— PROBLEM REQUIREMENTS —
Give the listing again, word for word, and let no picture into it.

— GIVEN MATERIAL —
####################

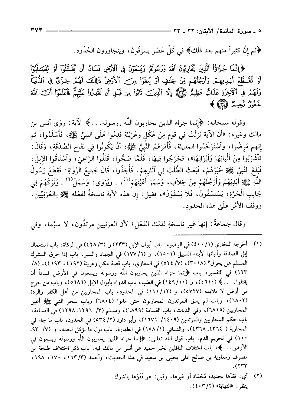 وقوله سبحانه: إِنَّما جَزاءُ الَّذِينَ يُحارِبُونَ اللَّهَ وَرَسُولَهُ ... الآية: روى أنس بن مالك وغيره: «أن الآية نزلَتْ في قومٍ مِنْ عُكْلٍ وعُرَيْنَةَ قَدِمُوا عَلَى النبيِّ صلّى الله عليه وسلّم، فَأَسْلَمُوا، ثم إنهم مَرِضُوا، واستوخموا المدينَةَ، فَأَمَرَهُمُ النّبيّ صلّى الله عليه وسلّم أنْ يَكُونُوا فِي لقَاح الصَّدَقَةِ، وَقَالَ:
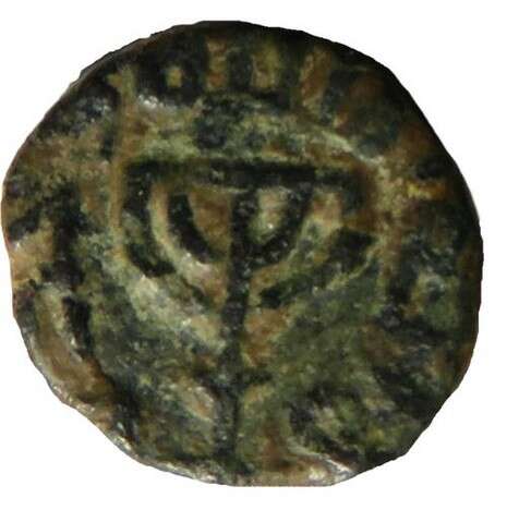 מטבע מוסלמי מברונזה מהתקופה האומיית עם מנורת שבעת הקנים
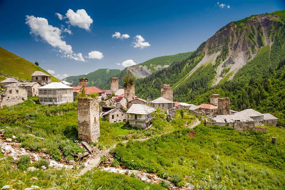 Hier leven de Svan, een etnische minderheid in Georgië. Het kenmerk van de dorpjes zijn de stenen torens uit de middeleeuwen. Dit zijn verdedigingstorens om het dorp te beschermen bij een aanval. Maar in de torens wonen ook mensen. Het zijn dus eigenlijk woontorens. Elk dorp heeft ze nog. Sommige kun je bezoeken, zodat je een fraai zicht op het dorp en de omgeving hebt.
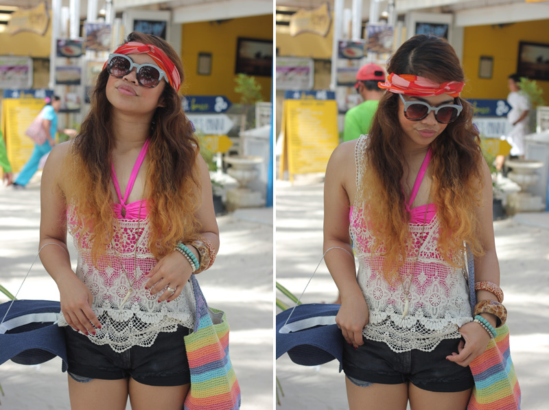 | pink monokini - props | crochet boho top - props | black denim cut-offs - onyx jeans | peacock sandals - people are people | orange scarf as turban - thrifted | multi-colored knit bag - gifted by sister | oversized sunnies - urban outfitters | bangles and bead bracelets - downtown and bangkok finds |

####################

— ANSWER FOR THE TASK —
 وقوله سبحانه: إِنَّما جَزاءُ الَّذِينَ يُحارِبُونَ اللَّهَ وَرَسُولَهُ ... الآية: روى أنس بن مالك وغيره: «أن الآية نزلَتْ في قومٍ مِنْ عُكْلٍ وعُرَيْنَةَ قَدِمُوا عَلَى النبيِّ صلّى الله عليه وسلّم، فَأَسْلَمُوا، ثم إنهم مَرِضُوا، واستوخموا المدينَةَ، فَأَمَرَهُمُ النّبيّ صلّى الله عليه وسلّم أنْ يَكُونُوا فِي لقَاح الصَّدَقَةِ، وَقَالَ:
 מטבע מוסלמי מברונזה מהתקופה האומיית עם מנורת שבעת הקנים
 Hier leven de Svan, een etnische minderheid in Georgië. Het kenmerk van de dorpjes zijn de stenen torens uit de middeleeuwen. Dit zijn verdedigingstorens om het dorp te beschermen bij een aanval. Maar in de torens wonen ook mensen. Het zijn dus eigenlijk woontorens. Elk dorp heeft ze nog. Sommige kun je bezoeken, zodat je een fraai zicht op het dorp en de omgeving hebt.
 | pink monokini - props | crochet boho top - props | black denim cut-offs - onyx jeans | peacock sandals - people are people | orange scarf as turban - thrifted | multi-colored knit bag - gifted by sister | oversized sunnies - urban outfitters | bangles and bead bracelets - downtown and bangkok finds |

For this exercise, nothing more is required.